Wednesday, February 04, 2009

We Had a Lilac Tree Together

In writing circles, the subject of crying is a difficult one. That is, what do you when a character cries? How do you tell your reader that is happening? Tolstoy doesn't concern himself with subtlety in this, or if he does, it does not show in translation. Natasha sobs, Petya's eyes shine with tears, the little princess weeps. In something written in english, in 2009, those words would be a bit cloying, overwrought. Recently, we read something that left us in awe of the masterful way a narrator's tears were handled, where another character calls our attention to it by noticing.

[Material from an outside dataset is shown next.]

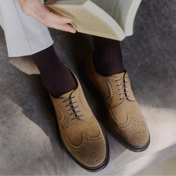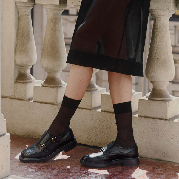 Un encanto atemporal para este zapato Derby de cuatro agujeros con puntera redonda. Realizado con piel de color ébano y acabado artesanalmente con cepillos abrasivos para acentuar su aspecto brillante y envejecido. El estilo andrógino y contemporáneo del zapato se completa con el cómodo tacón de 50 mm. Suela de cuero con media planta de goma.

Even when you are fighting it, you can see it in someone's face when they are watching you, and see you close to tears. Especially if that someone is sensitive, and loving, and doubly so if they are someone who has spent years loving you, no matter how long ago those years were. This has happened to me twice in the last two days. It isn't so much that I've been unhappy. Some tears are tears of vulnerability, a depth of emotion that expresses itself in blushes and in my case, unfinished sentences, overused indefinite articles.

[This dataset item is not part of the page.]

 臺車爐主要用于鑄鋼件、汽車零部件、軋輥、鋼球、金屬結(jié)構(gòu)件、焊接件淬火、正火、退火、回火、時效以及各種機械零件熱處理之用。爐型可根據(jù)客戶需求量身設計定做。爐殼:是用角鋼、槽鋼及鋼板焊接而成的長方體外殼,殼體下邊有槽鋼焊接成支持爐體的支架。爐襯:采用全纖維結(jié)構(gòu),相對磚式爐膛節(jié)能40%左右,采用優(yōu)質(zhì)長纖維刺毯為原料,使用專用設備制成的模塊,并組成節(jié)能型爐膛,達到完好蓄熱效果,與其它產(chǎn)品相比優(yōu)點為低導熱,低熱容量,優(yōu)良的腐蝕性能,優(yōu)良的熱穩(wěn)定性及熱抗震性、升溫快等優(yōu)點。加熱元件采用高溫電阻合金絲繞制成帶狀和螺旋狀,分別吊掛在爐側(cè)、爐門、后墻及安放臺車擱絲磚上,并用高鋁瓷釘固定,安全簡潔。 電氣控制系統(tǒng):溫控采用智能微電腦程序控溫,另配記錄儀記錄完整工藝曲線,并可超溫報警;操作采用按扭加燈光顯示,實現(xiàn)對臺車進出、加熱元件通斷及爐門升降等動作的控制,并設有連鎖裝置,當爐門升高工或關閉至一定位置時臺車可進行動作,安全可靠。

But if I think my heart is my strongest muscle, it is only because I stay there. I believe in the transformative power of that discomfort, that even sadness can be a warming of the heart that makes it more malleable, more ripe for reconciliation. He thought I didn't want to see him. I thought the same. Then I saw him anyway, and was glad I had. I used to bring branches into the house in spring to bloom, and wear aprons, and buy cookbooks and dishes and glassware. And believe it or not, I cooked. Soups from memory and homemade pasta, irish soda bread and indian food. The hard parts were not all.

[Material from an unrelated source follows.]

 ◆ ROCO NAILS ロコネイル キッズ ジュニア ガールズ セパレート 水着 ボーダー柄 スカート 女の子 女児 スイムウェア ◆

Tuesday, February 03, 2009

My Heart Is My Strongest Muscle

Six-word memoir by Shanna Katz. Four lady brunch by South Shore Middle School.

Long day.

9:30 AM - meeting
10:00 AM -meeting
12:30 PM - meeting
3:00 PM - meeting
4:00 PM - meeting
6:00 PM - meeting
7:00 PM - meeting

Latte, cornbread, sandwich with lox cucumber cream cheese, banana, salad, chocolate cookies from Edison's bakery, more salad, cocoa, tea. The Cold Ones, the beach at LaPush, unvested options, new target identification, integrity, intention, lost love, reconciliation, fulfillment, motivation, hope, Groucho's, Jafco, more tea, always. So much more.

Speak to me.


Sunday, February 01, 2009

I Thought We Had More Time


There were fields of snow geese in the Skagit Valley this weekend. Other smaller birds migrating too, making patterns in the sky that swooped and changed, like shifting patterns of lace across the sky. I pulled over, and took photos of course. The little camera still wasn't up for it, where's the high speed setting on that thing? I'll figure it out. But I didn't figure it out Sunday, and that was fine. It was satisfying just to watch, and to take pictures not knowing how they would turn out, since however they did, they'd be something to look at later.
I've been thinking about what makes something, or someone, interesting. I take photos of power lines, of grey skies, of the sun hidden behind clouds. These are things I always like, am always interested in. The shape of birds in the sky satisfies me. Pam and I took a trip to the Oregon Coast together once, and on the drive out, through tall evergreens, winding roads, fog in the dark, I commented on how much I loved it all, how it was my favorite landscape. "Really?" she said, genuinely surprised. She didn't feel the same way, said that her favorite landscapes were big skies, wide views. Just different. Who knows why.